The team also recognized that other applications of this project could be ear piercings, swelling reduction and tattooing, although they are currently not addressing them at this phase.
“We looked into all sorts of methods for numbing, both quick and long-term, chemicals, using ice packs — which is similar to what we’re using now,” Hua said. “We explored everything that surrounded the problem before we even began brainstorming.”
“At the end of the day, what we’re creating is a self-contained device with a very cold contact surface, and there are many applications for that,” Allison said.
Some of the solutions the team researched were very technical and required a materials science degree or skills the freshmen hadn’t yet learned. “That’s kind of the amazing thing about our project because we don’t have these incredibly refined skills in certain areas; that meant that we had to think of very simple solutions,” Allison said. “Being limited in that way led to something that is very novel and innovative but at the same time simple and elegant.
The team designed the device to be single-use rather than reusable because cleaning it for each use and resetting the device would be cumbersome for a nurse, and injections are such a common procedure that it’s much easier to have a single-use device.
“We’ve done simulated trials where we basically hold a pen up against a ruler and press down 5 millimeters — we know what that feels like — apply the device, press it down 5 millimeters again and gauge based on the comparative pain scale, which is something hospitals already use, ” Allison said.
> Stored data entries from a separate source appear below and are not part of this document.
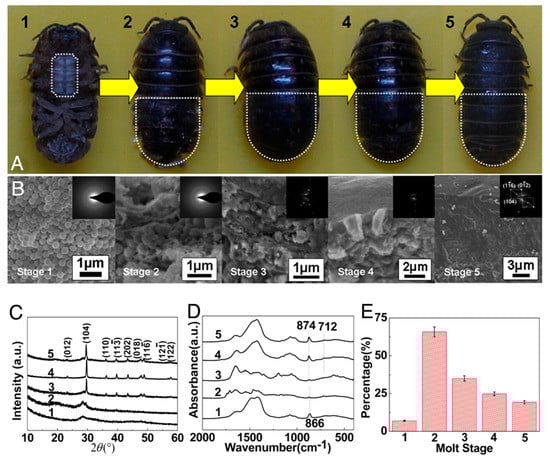 Morphology, phase, and composition of cuticles at different molt stages. The phase transformation process (amorphous calcium carbonate (ACC)-calcite) can be regulated by magnesium and Asp. (A) Photographs of Armadillidium vulgare in the different molt states (1–5). (B) SEM images and SAED patterns of the cross-sections of exocuticle layer shown in (A). (C,D) XRD patterns and Fourier transform infrared (FT-IR) spectra, respectively. (E) Organic contents of the cuticles during the molt process. Reproduced with permission from Reference [155] Copyright (2008) National Academy of Sciences, U.S.A.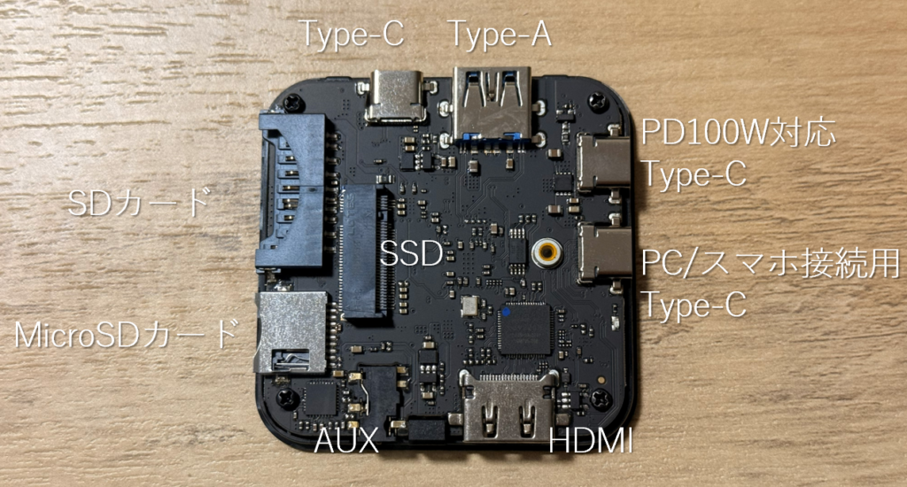 ORICO MG7の搭載ポート(8in1で充電も映像出力も!)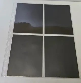 Fogli trasparenti per conservare le tue santini.Confezione da 10 fogli - Ogni foglio contiene 4 tasche. - Materiale plastico resistente.

“The materials that we use are relatively inexpensive and found in abundance: plastic, rubber and metal,” Zhang said. “The materials for one of these cost about a quarter, and then we just had to do estimates based on how much manufacturing would cost. We compared our device to similar things already in production, and we’ve estimated the cost at about $2.”
Comfortably Numb was guided through its design project in Rice’s Oshman Engineering Design Kitchen in the fall semester by Ann Saterbak, Bioengineering’s director of laboratory instruction, and in the spring semester by Jane Grande-Allen, the Isabel C. Cameron Professor of Bioengineering.
“We meet with Dr. Grande-Allen every Tuesday,” Zhang said. “We show her our progress and bounce ideas off of her. A lot of our ideas came from our discussions with her.”
“We meet with Dr. Grande-Allen every Tuesday,” Zhang said. “We show her our progress and bounce ideas off of her. A lot of our ideas came from our discussions with her, especially the use of chemicals. She actually let us into her lab and had her graduate students help us create these (chemical) reactions to see what was truly going on and for us to understand the reactions.”
The team also credits Dr. Wettergreen, who serves as a faculty mentor and he has been a huge part of the success of their project, as far as ideas and pushing them to have high standards, Allison said.
The team is currently in the process of applying for a provisional patent for the device, and the students hope to continue their work together in their spare time when they return to Rice as sophomores.
“As a team, we just want to follow the project, because we think it has a lot of potential. I think that’s what drew us to this specific project,” Allison said. “We haven’t really discussed yet whether we’re going dedicate to making this a company, but it’s something we’re open to.”